In October 2024, the Department of Justice sued Rocket Mortgage, the country’s largest lender, for appraisal discrimination. According to a New York Times piece published last month:
The home appraisal industry, which relies partly on subjective opinions to translate home values into dollars and cents, has faced a firestorm of criticism in recent years. Nearly 95 percent of home appraisers are white, according to the Bureau of Labor Statistics…
— It’s always good to wrap on a positive note, and this New York Times article on the documentarian, Ken Burns, is both fascinating and uplifting. The article’s focus is more on the land and home in a tiny town in New Hampshire that allowed Mr. Burns the freedom and space to create his work, and less on the extensive film portfolio he has created.
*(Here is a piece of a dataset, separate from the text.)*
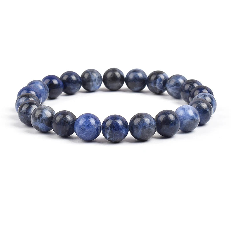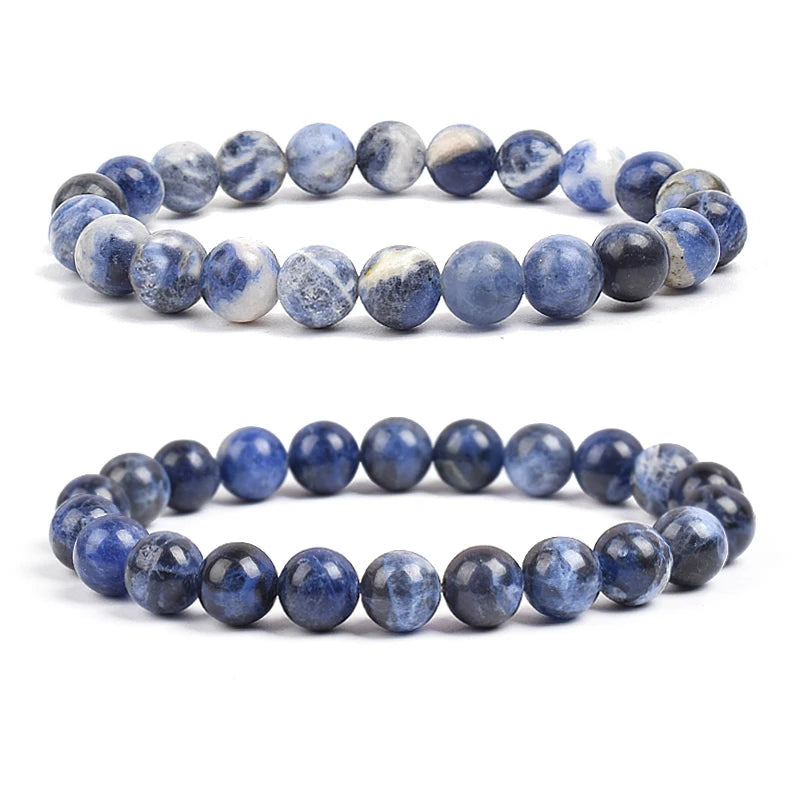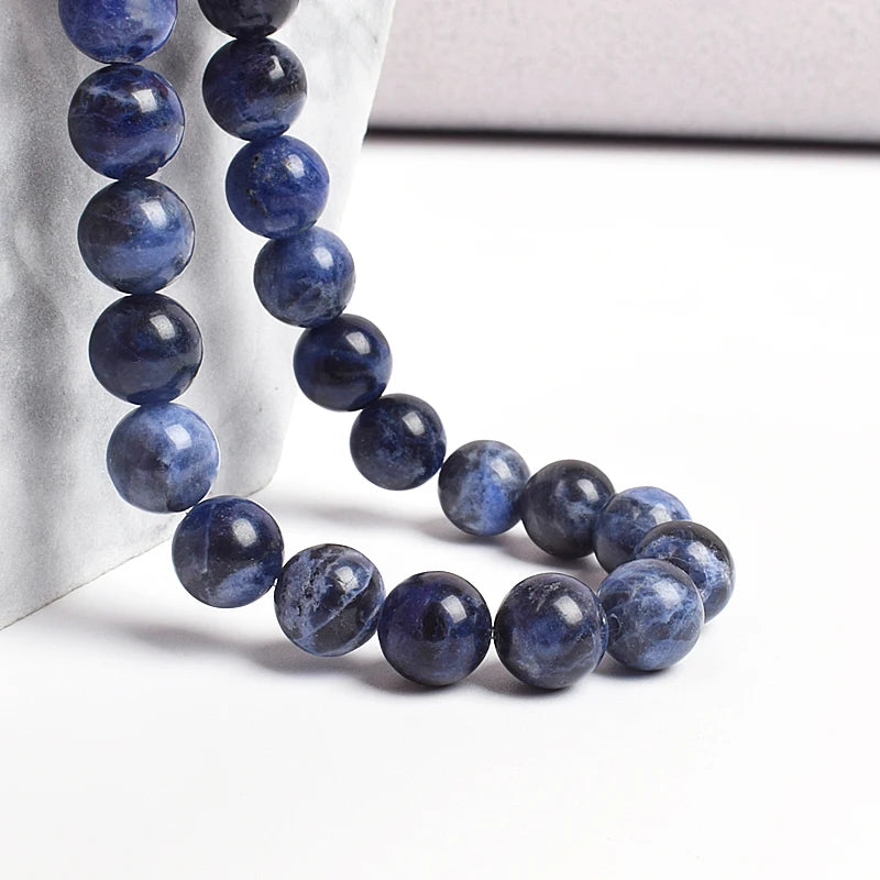 Embrace deep thought and inner peace with this Natural Sodalite Beads Bracelet, featuring beautifully polished dark blue stones flecked with subtle white and gray veining. Known as the Stone of Logic and Truth, sodalite enhances mental clarity, emotional balance, and self-expression—making it perfect for thinkers, creatives, and seekers of calm.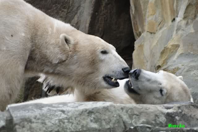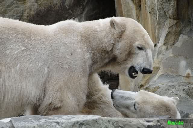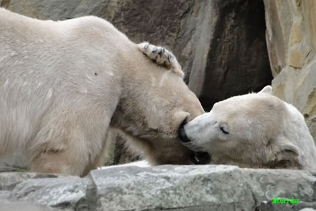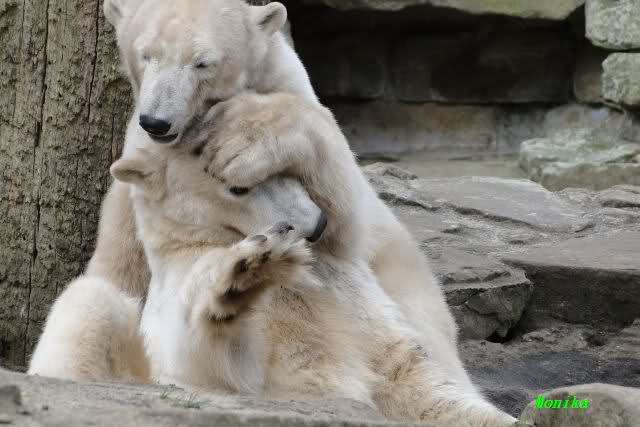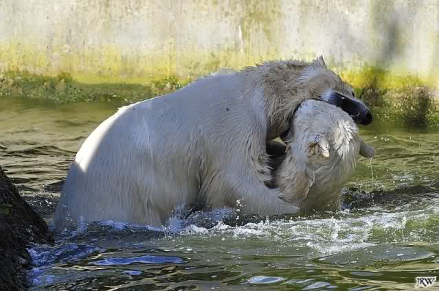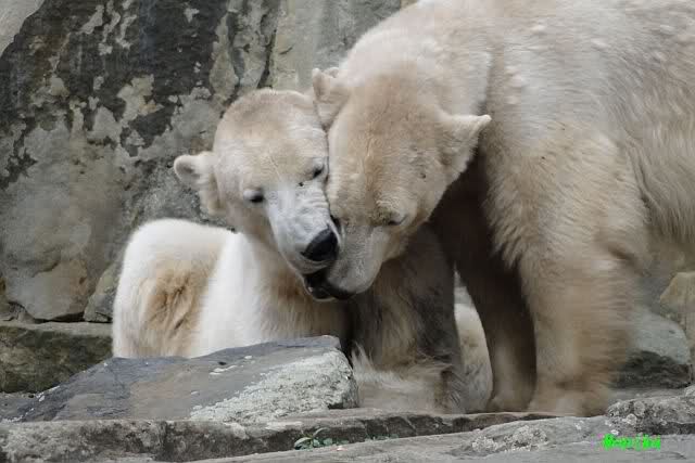 Ja Sylvia, heute ist es ein wenig ungemütlich, aber bei Knut und Gianna schien heute die Sonne. Ich würde den Vormittag so beschreiben: "Knut und Gianna in Love". Knut fing heute morgen schon an Gianna "anzubaggern". Sie ließ sich nicht lange bitten. Immer wieder wurde geschmust. Am schönsten war es als beide gemeinsam unter dem Baum saßen und schmusten. Es war sooo süß. Als ein kräftiger Graupelschauer aufkam, wurde im Wasser weiter geschmust und auch gespielt.

Ken Burns has slept in the same bedroom for the past 45 years. While numerous additions have been made to the original house, he proudly points out that the bedroom, where his first and second daughters were born 42 and 38 years ago, hasn’t changed. (Immediately, he corrects himself to mention that the mattress has changed.) The white colonial and a barn are flanked by an apple orchard in the electric green hills of New Hampshire in a town called Walpole. It’s this house and this piece of land that gave him the financial freedom to make the films of his choosing… [It] allowed Mr. Burns to explore, gave him peace and shut him out from the rest of world so he could see it more clearly.
____________________________________________________
I’d love to hear your thoughts on today’s housing market and how it’s affecting you and your housing choices. If you can’t access one or more of the articles because of a paywall, please let me know in the comments or a message, and I’ll send it to you directly.
Not sure my family will ever be able to afford to buy a house. Sure, we could move somewhere cheaper. Does that really help solve the problem. We're a solidly middle-class household that can't find 150 grand for a down payment. Which is almost 100 times what my parents needed 50 years ago. Imagine something like ground beef going from $.50 cents to $50 per pound.
My husband and I bought our first home 20 years ago. It was 1800 sq ft and cost us $187,000. Today, minimal improvement has been done to it, and it is now appraised at over half a million. I should say that we sold it two years after purchasing it. We have bought five different homes in the last twenty years as we've moved for my husband's job. We will soon be moving from a very low cost of living area to on only slightly above average. We have a very healthy equity amount that could pay over 20% on homes a lot smaller than we currently live in, but we wouldn't be able to afford the payment. So after 20 years of home ownership, we cannot afford to buy any longer.
Speaking to climate change, our homeowner's insurance is almost $5,000/yr in a hurricane-prone area. Some companies won't even insure homes in this zip code anymore, even though we are over an hour from the ocean. The coming years are only going to get much scarier, I'm afraid.